The DNS works as a distributed database because of two fundamental
ideas: replication and caching.
We have already seen how caching works -- at any point in a query,
if a nameserver has a current copy of the desired information, it
can supply it instead of contacting other nameservers.
The DNS requires that all nameservers be
replicated at least once -- that is, for each zone
of authority there must be at least two
authoritative nameservers. The rules for replication of nameservers
make for quite entertaining reading...
DNS queries and responses are an excellent example of an
application where the reliable, connection-oriented transport
mechanism of TCP is not necessary, and simply has too much
overhead. In fact, queries are encapsulated in unreliable
UDP datagrams, see later.
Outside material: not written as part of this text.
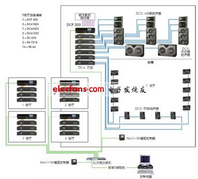 ??? 所有影廳的DCP300影院處理器連接到影城內(nèi)部局域網(wǎng)(LAN)中,影城的工作人員即可以在網(wǎng)絡(luò)的任意位置甚至通過無線網(wǎng)絡(luò)隨時(shí)隨地的監(jiān)控影城中所有音頻設(shè)備的工作狀態(tài)和運(yùn)行情況。
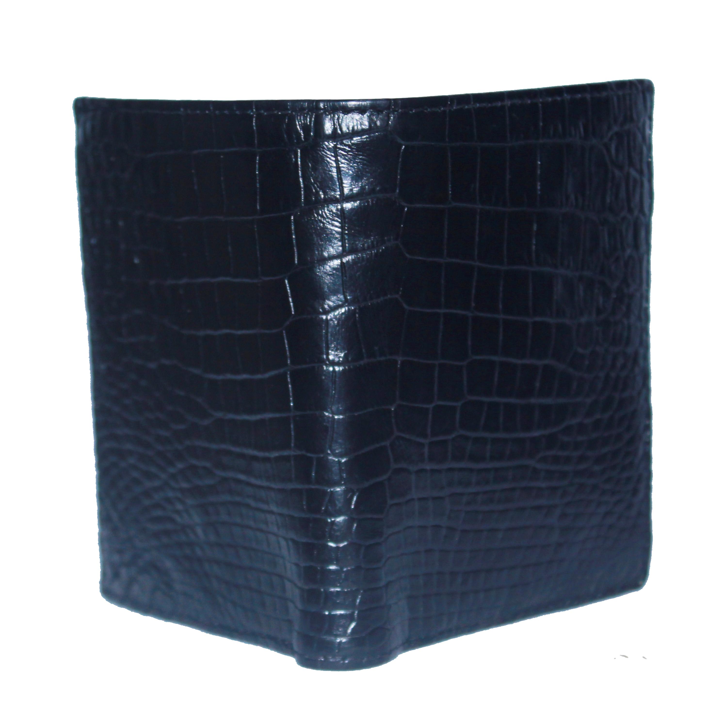 Bóp/Ví da cá sấu Huy Hoàng đan viền da bụng màu đen, nâu đất, nâu đỏ, vàng bò 2254-2711-2712-2713

UDP is a
connectionless transport service, with the same
level of reliability as IP packet delivery itself -- in other
words, UDP messages can be lost, delivered out of order and even
duplicated. If a resolver does not receive a reply from a
nameserver, it usually either tries again, or tries the next
nameserver for the same domain.
Finally, although it is beyond the scope of our subject, DNS
messages are NOT simple ASCII strings -- the DNS
formats are quite complex and designed for efficient parsing. It's
not trivial (for obvious reasons) to write a DNS client. In a
sense, DNS is not strictly an application protocol -- it provides
support for application protocols, but isn't one itself.